Thursday, April 2, 2015

5 Napkin Meatballs - inspired by 5 Napkin Burgers


There is a new chain restaurant called 5 Napkin Burgers.  There are locations in New York, Miami and Boston.  I saw one of their burgers and knew that I wanted to try to make a slimmed down version of it.  The results were worth the effort as it was fabulous.  I had mine without a roll.  My husband used a reduce calorie pita.  Eventually I am going to make a vegan version. 
To make this dish you will need: 

Meatballs
1 package of ground turkey
4 medium onions, chopped
3 sprigs of rosemary
1 large egg
¼ cup ground almonds
¼ cup ground Parmesan cheese
2 teaspoons fine grain sea salt, divided
1 teaspoon ground black pepper
Rosemary Aioli
1 cup Low fat mayonnaise
2 cloves garlic
2 sprigs fresh rosemary
1 tablespoon freshly squeezed lemon juice
1.)  To make caramelized onions: heat 2 tablespoons of olive oil in a large skillet over low heat. Add onion, rosemary and 1 teaspoon of salt. Cook, stirring every now and then, until onions are soft and golden brown, about 40 minutes.
2.)  In a bowl combine Parmesan, egg, caramelized onions, 1 teaspoon salt, and 1 teaspoon pepper. Add ground turkey and ground almond and mix gently.
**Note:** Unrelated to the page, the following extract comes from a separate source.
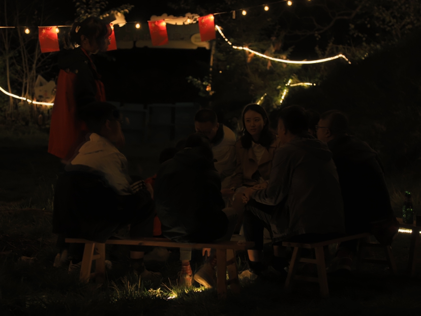 夜幕降临,大家一起围炉煮茶,分享一位姐姐从武夷山带来的茶叶

With dampened hands, form into 20 balls.
3.) Heat your grill to medium high and spray the grill with Pam.  Add meatballs, and cook, turning gently, until browned on all sides and cooked through, about 18 to 20 minutes.
Rosemary Aioli
1.)  Coarsely chop garlic and gather into a pile; sprinkle with a pinch of salt. Place flat side of knife blade on top of garlic, with sharp side of blade away from you; press down firmly while pulling knife toward you to create a paste.
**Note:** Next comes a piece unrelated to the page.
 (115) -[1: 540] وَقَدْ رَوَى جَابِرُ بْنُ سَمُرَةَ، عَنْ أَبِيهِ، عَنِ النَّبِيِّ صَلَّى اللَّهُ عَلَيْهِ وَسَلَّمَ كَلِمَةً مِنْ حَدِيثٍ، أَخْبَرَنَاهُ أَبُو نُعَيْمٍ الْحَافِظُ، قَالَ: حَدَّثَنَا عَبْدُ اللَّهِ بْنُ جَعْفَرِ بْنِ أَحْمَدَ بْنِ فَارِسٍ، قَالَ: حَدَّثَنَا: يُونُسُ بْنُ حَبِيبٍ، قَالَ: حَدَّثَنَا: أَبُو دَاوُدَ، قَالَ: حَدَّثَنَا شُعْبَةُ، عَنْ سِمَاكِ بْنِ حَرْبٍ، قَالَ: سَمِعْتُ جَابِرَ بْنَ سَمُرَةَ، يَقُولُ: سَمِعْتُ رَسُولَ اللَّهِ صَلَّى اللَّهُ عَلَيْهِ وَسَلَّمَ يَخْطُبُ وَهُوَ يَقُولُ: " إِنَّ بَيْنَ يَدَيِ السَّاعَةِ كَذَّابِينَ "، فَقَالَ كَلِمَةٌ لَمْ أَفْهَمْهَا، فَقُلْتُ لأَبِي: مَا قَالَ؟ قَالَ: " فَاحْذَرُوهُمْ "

2.)  Holding rosemary sprigs at their top, slide your fingers down it, to the bottom, to strip off the needles. Finely chop them.
3.)  Whisk mayo, garlic, rosemary and lemon in small bowl to blend.
Season to taste with salt and pepper. (The rosemary aioli can be used on steak, chicken or fish.  It tastes great on just about everything!)